» **DATASET EXTRACT**:
☆ ☆ ☆ ☆

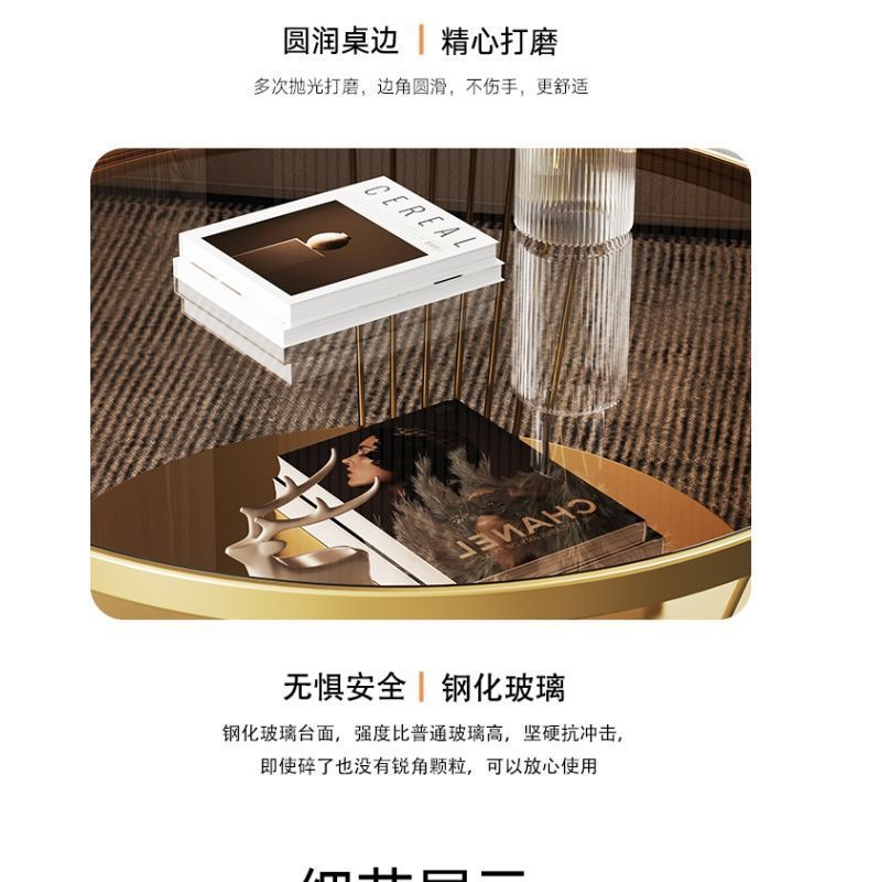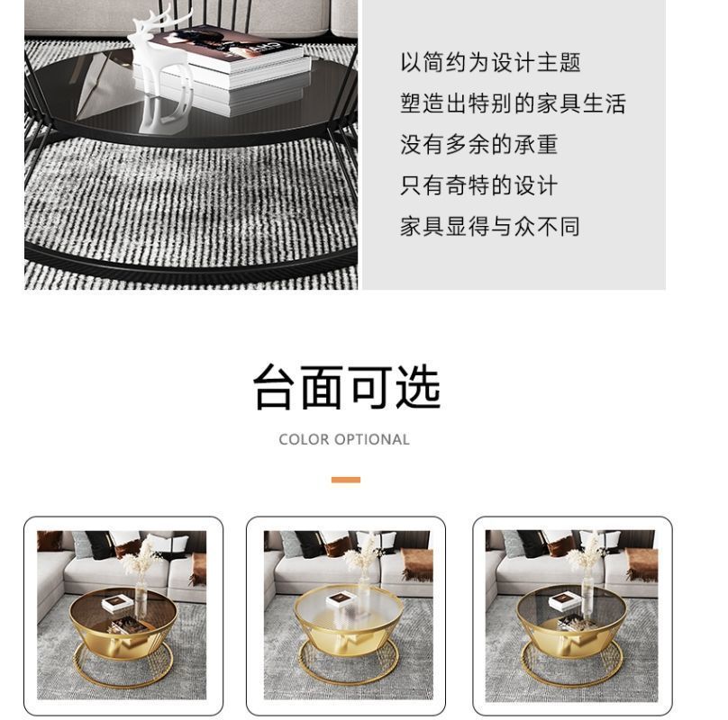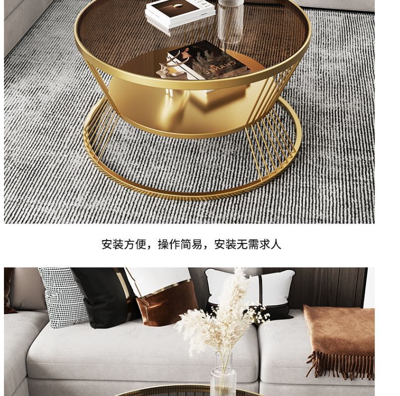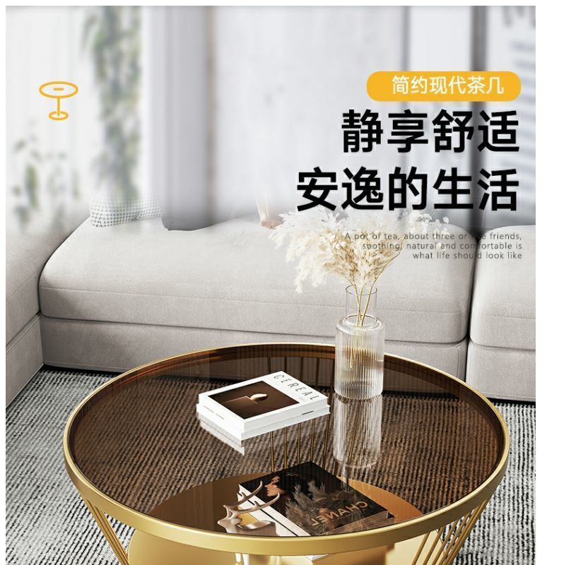 Changhong 강화 유리 커피 테이블 작은 거실 라운드 홈 미니멀리스트 미니 테이블 인터넷 연예인 현대 조명 럭셔리스토어 가기
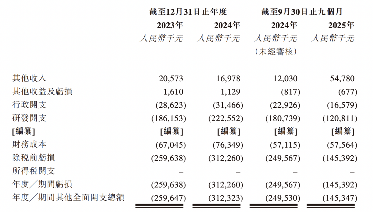 业绩方面,2023年、2024年及2025年前9月,凌科药业其他收入分别为2057.3万元、1697.8万元、5478万元;研发开支分别为1.86亿元、2.23亿元、1.21亿元;年度/期间亏损分别为2.6亿元、3.12亿元、1.45亿元。
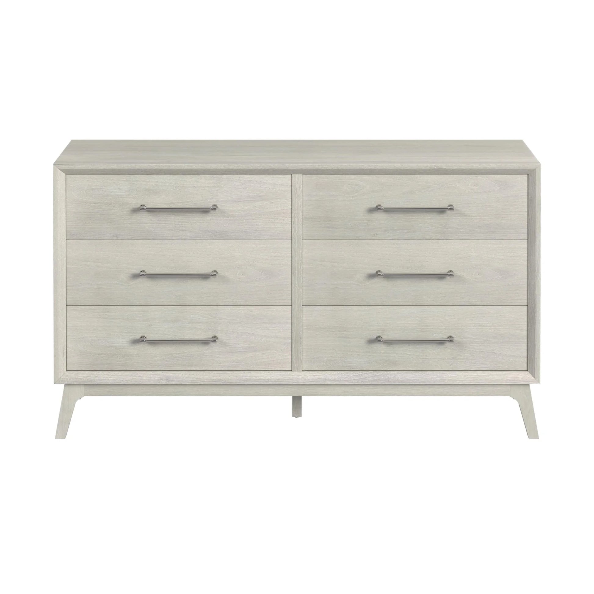 Give your bedroom a fresh, modern vibe with the contemporary Westland 6-Drawer Dresser. The almond-colored wood adds a cozy, natural touch to your space. It features sturdy butt joint construction with corner blocked reinforcements, while the top drawers lined with black felt gives this case piece a classy feel. Included is an anti-tipping kit for extra safety that is easy to install. Upgrade your bedroom with this chic and practical dresser designed to make your everyday life stylish and organized.
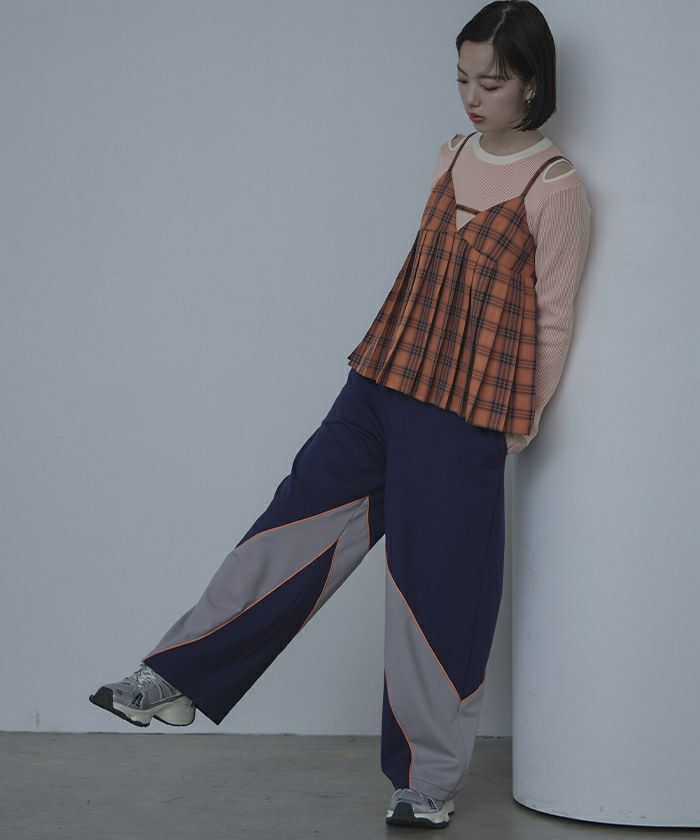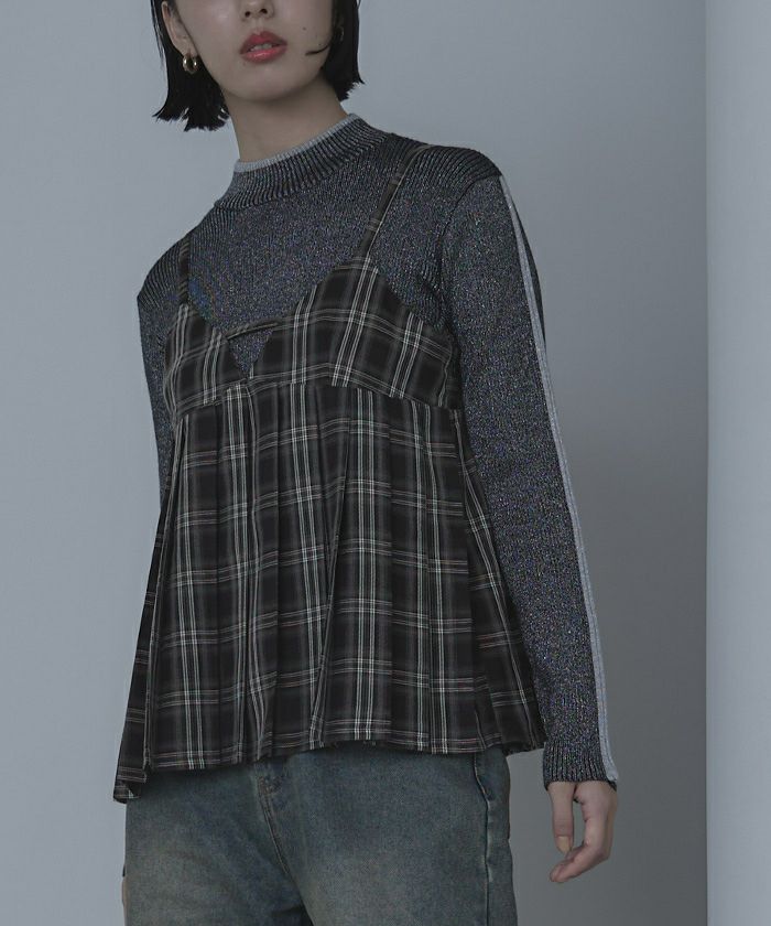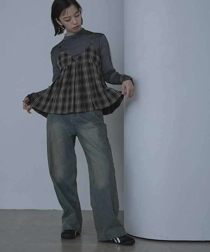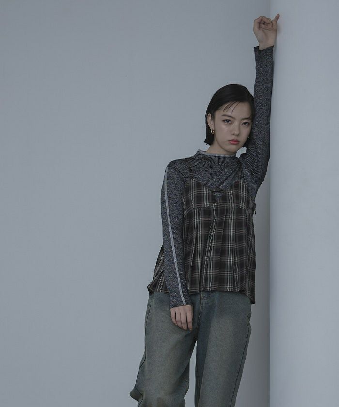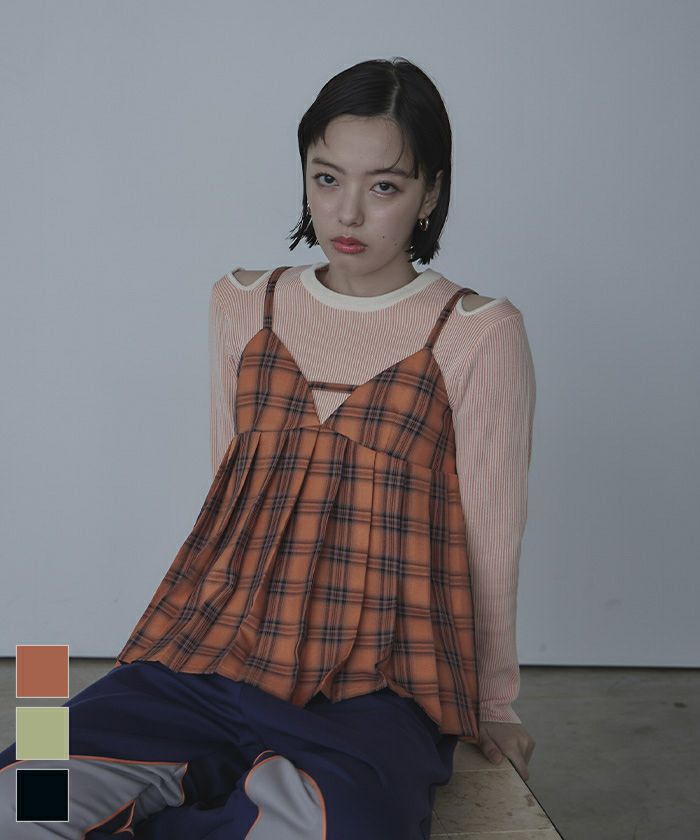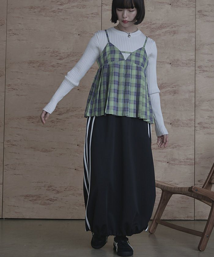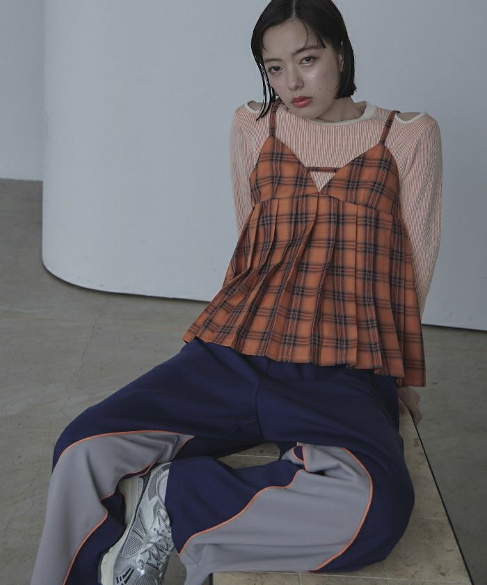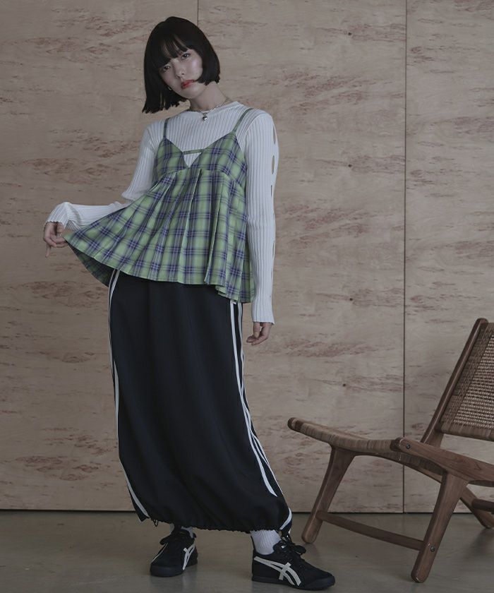 ・大胆なチェック柄がスタイリングに映えるビスチェ

☆ ☆ ☆ ☆

» **WHAT IS REQUIRED**: Output all the material exactly. The pictures are to be left out.

» **WRITTEN ANSWER**:
 Changhong 강화 유리 커피 테이블 작은 거실 라운드 홈 미니멀리스트 미니 테이블 인터넷 연예인 현대 조명 럭셔리스토어 가기
 业绩方面,2023年、2024年及2025年前9月,凌科药业其他收入分别为2057.3万元、1697.8万元、5478万元;研发开支分别为1.86亿元、2.23亿元、1.21亿元;年度/期间亏损分别为2.6亿元、3.12亿元、1.45亿元。
 Give your bedroom a fresh, modern vibe with the contemporary Westland 6-Drawer Dresser. The almond-colored wood adds a cozy, natural touch to your space. It features sturdy butt joint construction with corner blocked reinforcements, while the top drawers lined with black felt gives this case piece a classy feel. Included is an anti-tipping kit for extra safety that is easy to install. Upgrade your bedroom with this chic and practical dresser designed to make your everyday life stylish and organized.
 ・大胆なチェック柄がスタイリングに映えるビスチェ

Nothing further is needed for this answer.